## Description of the task
Nothing but the lines from the first line of the records through the line with "It's also worth" should be output, exactly as written and free of pictures.

· · · ·

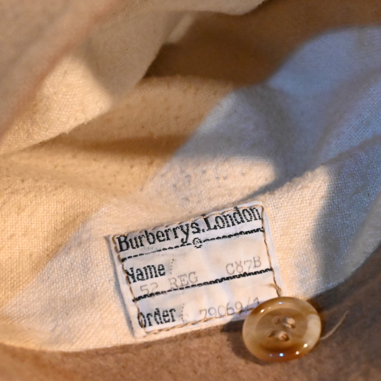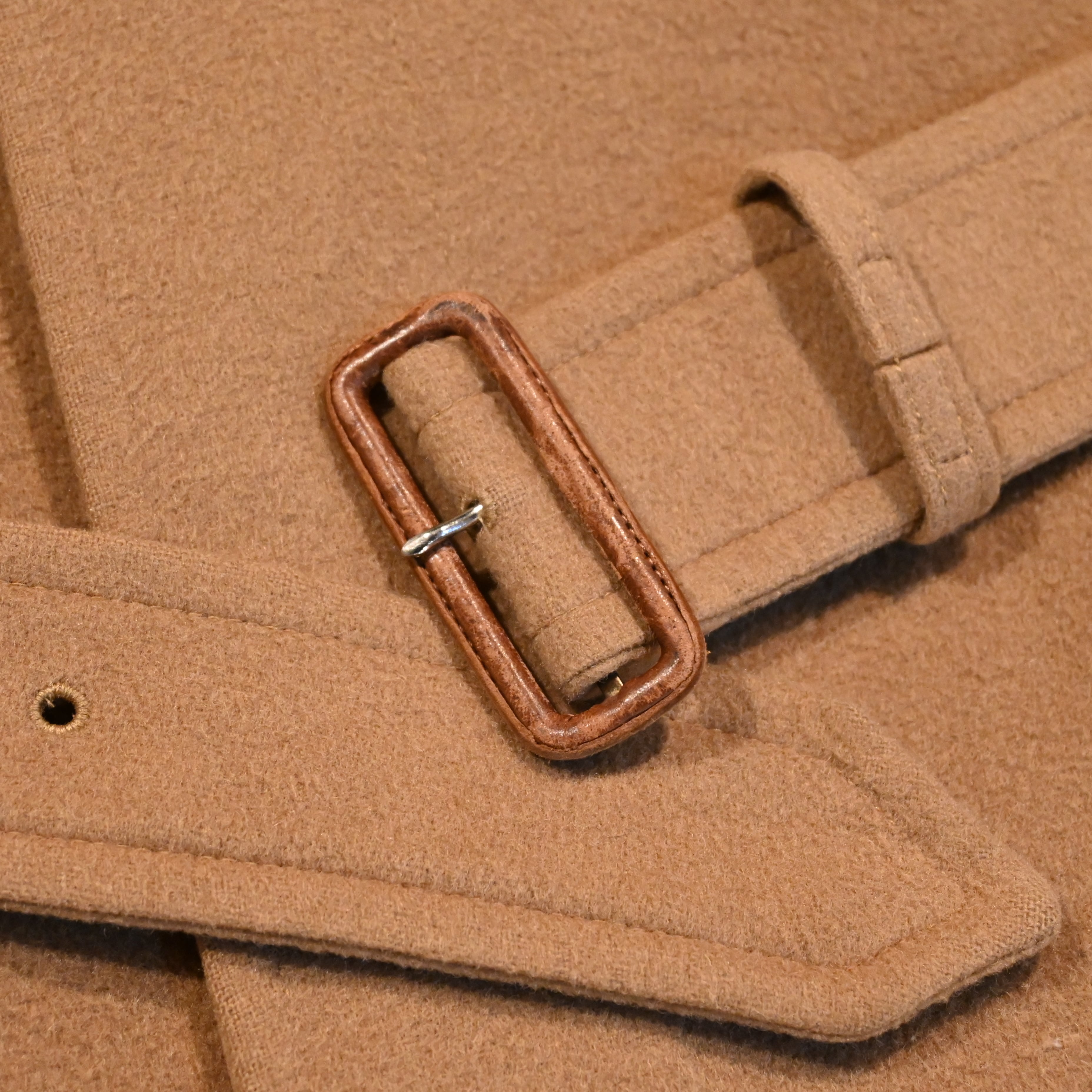 バーバリーでは珍しいウールとアルパカの混紡で、かつシングルでベルト付きのタイプです。ボタンは少し曇りのかかったボタンでポケットは独立しています。
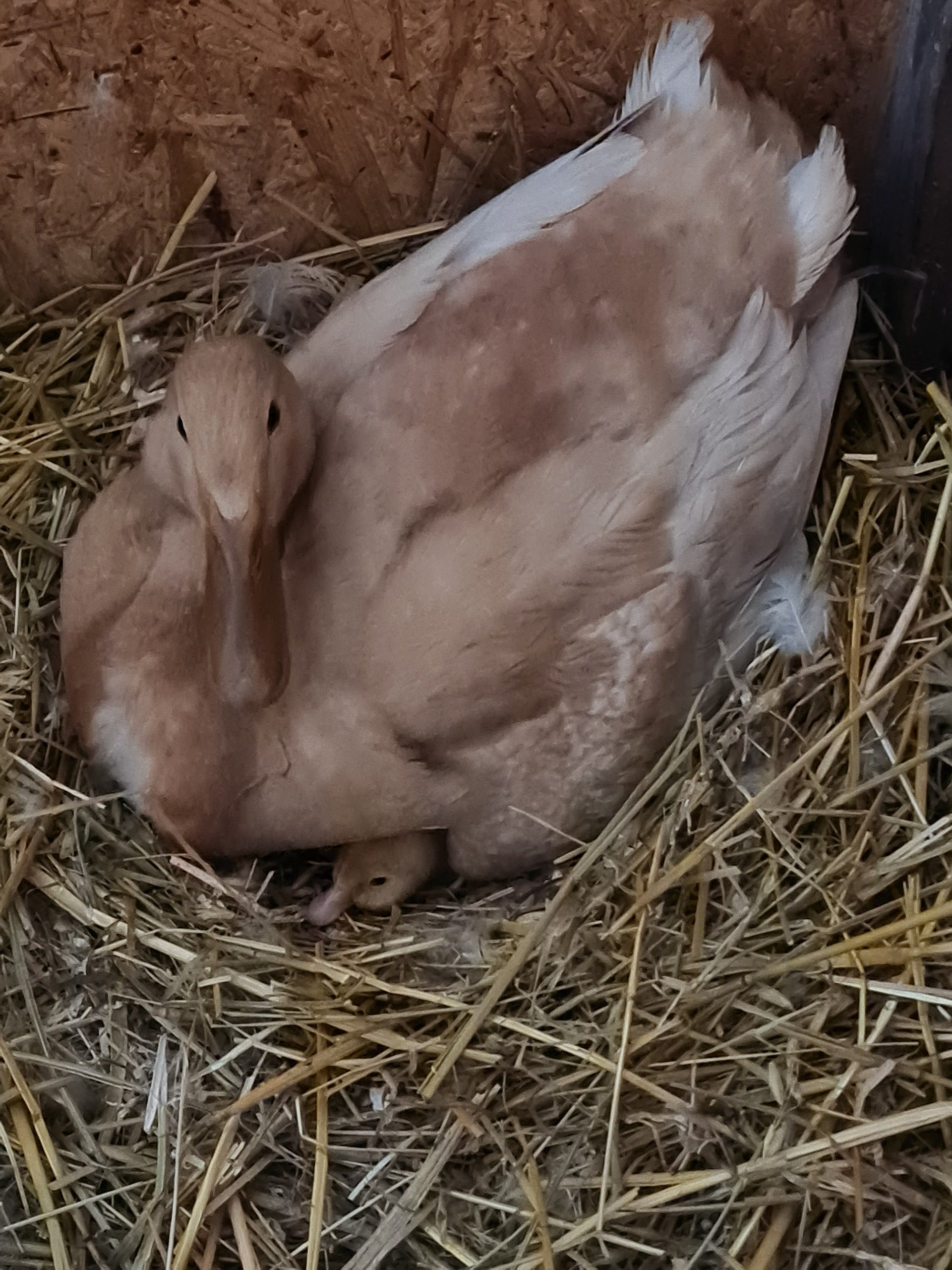 Bereits vor dem Schlupf unterhalten sich die Entchen im Ei untereinander und mit der Mutter. Obwohl die Eier über mehrere Tage gesammelt wurden, schlüpfen die Küken zusammen innerhalb von 1-2 Tagen.
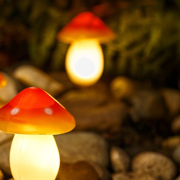 • Each mushroom features 3 warm white LEDs for a soft, inviting ambience
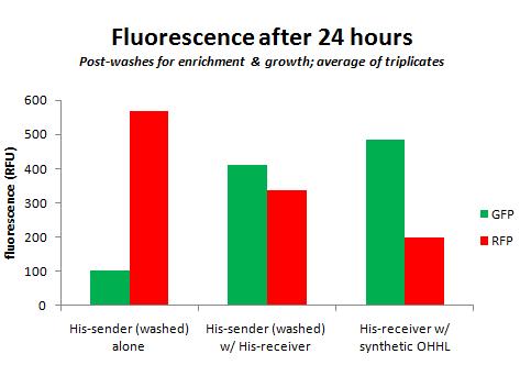 It's also worth noting that the cells were not washed after receiver was added, so I don't know how well the receivers are binding. I guess I want to make sure I get enrichment (almost NO strep ... or detectable difference in fluorescence growth curves, not available for this experiment) before I move onto that. That's the next step: bind senders, wash, bind receivers, wash, grow.
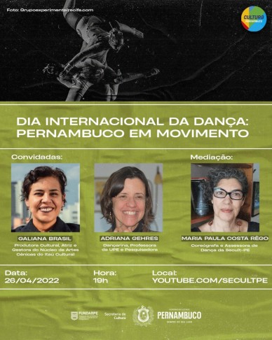 Nas vésperas do Dia Internacional da Dança, celebrado em todo mundo em 29 de abril, o programa Cultura em Rede, uma realização da Secretaria de Cultura de Pernambuco (Secult-PE) e da Fundação do Patrimônio Histórico e Artístico de Pernambuco (Fundarpe), apresentará uma live cujo tema é “Dia Internacional da Dança – Pernambuco em movimento”. O programa, que contará com a participação de Adriana Gehres (UPE), Galiana Brasil (Itaú Cultural) e mediação de Maria Paula Costa Rêgo (Secult-PE), será transmitido no canal da Secult-PE/Fundarpe no Youtube, com retransmissão no Facebook, na próxima terça-feira (26), às 19h.
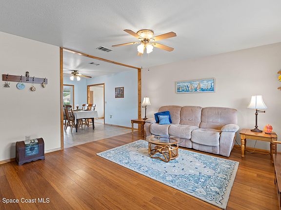 Well-maintained 3-bed, 2-bath Palm Bay POOL HOME with 1,504 sq ft. The interior features a large living room, a separate family room/office, quality custom woodwork, solid wood doors, and wood & tile floors throughout. The outdoor living space is a key feature, starting with a spacious 32x11 ft screened and tiled patio. This connects to the main enclosure with new screens & anti-corrosion hardware, surrounding the HUGE 30+ ft POOL (resurfaced 2025). Extend the swimming season with a solar heater and new solar blanket. Peace of mind comes with major updates: energy-efficient double-pane windows, Roof (2020), AC (2018, new coils 2025), new refrigerator & tankless water heater. Practical features include a garage workshop, attached shed, rain barrels, and easy-care landscaping. Washer and dryer are included. Located minutes from beaches, the Indian River, and Turkey Creek Sanctuary, with no HOA fees. Schedule your private showing today!
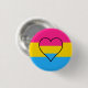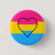 Classic Round Button with pansexuality pride flag with pink, yellow and blue stripes, striped pattern with heart design
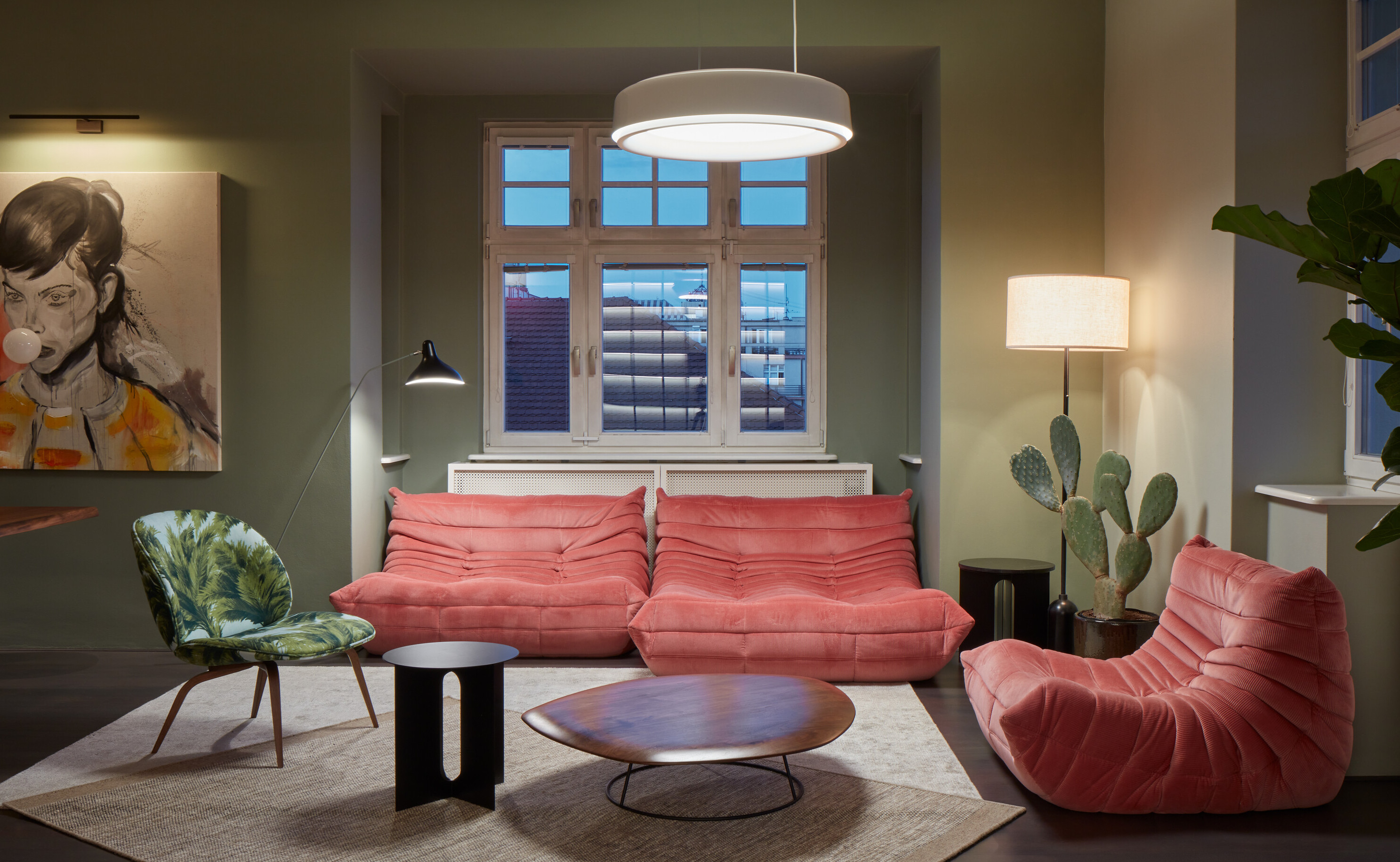 Architektky Dagmar Štěpánová a Dana Szabó ze studia Formafatal dostaly za úkol proměnit byt na pražských Vinohradech v elegantní a hravě eklektický interiér. Zachování či repase původních historických prvků dodává interiéru noblesu, kterou ještě podtrhuje výběr kvalitního současného designu. „Majitelé bytu měli ve své sbírce umělecká díla, obrazy od Martina Krajce a Tadeáše Kotrby, která se stala vodítkem pro výběr barevnosti celého bytu a vybavení. Zvolená barevnost interiéru podtrhuje a zvýrazňuje tato umělecká díla, barvy z obrazů se postupně rozpouštějí v interiéru a jsou doplněny o další kvalitní materiály, jako např. ořechové dřevo, mramor či onyx,“ popisují autorky projektu. „Dalším z požadavků majitelů byla funkčnost, pohodlnost a praktičnost interiéru, vysoká kvalita provedení všech stavebních úprav i na míru vyrobeného mobiliáře, nebo dostatek úložných prostor. Vedle toho záliba v kvalitní současný design a přání zachování lehkosti celého prostoru.“

· · · ·

## Completed task
 バーバリーでは珍しいウールとアルパカの混紡で、かつシングルでベルト付きのタイプです。ボタンは少し曇りのかかったボタンでポケットは独立しています。
 Bereits vor dem Schlupf unterhalten sich die Entchen im Ei untereinander und mit der Mutter. Obwohl die Eier über mehrere Tage gesammelt wurden, schlüpfen die Küken zusammen innerhalb von 1-2 Tagen.
 • Each mushroom features 3 warm white LEDs for a soft, inviting ambience
 It's also worth noting that the cells were not washed after receiver was added, so I don't know how well the receivers are binding. I guess I want to make sure I get enrichment (almost NO strep ... or detectable difference in fluorescence growth curves, not available for this experiment) before I move onto that. That's the next step: bind senders, wash, bind receivers, wash, grow.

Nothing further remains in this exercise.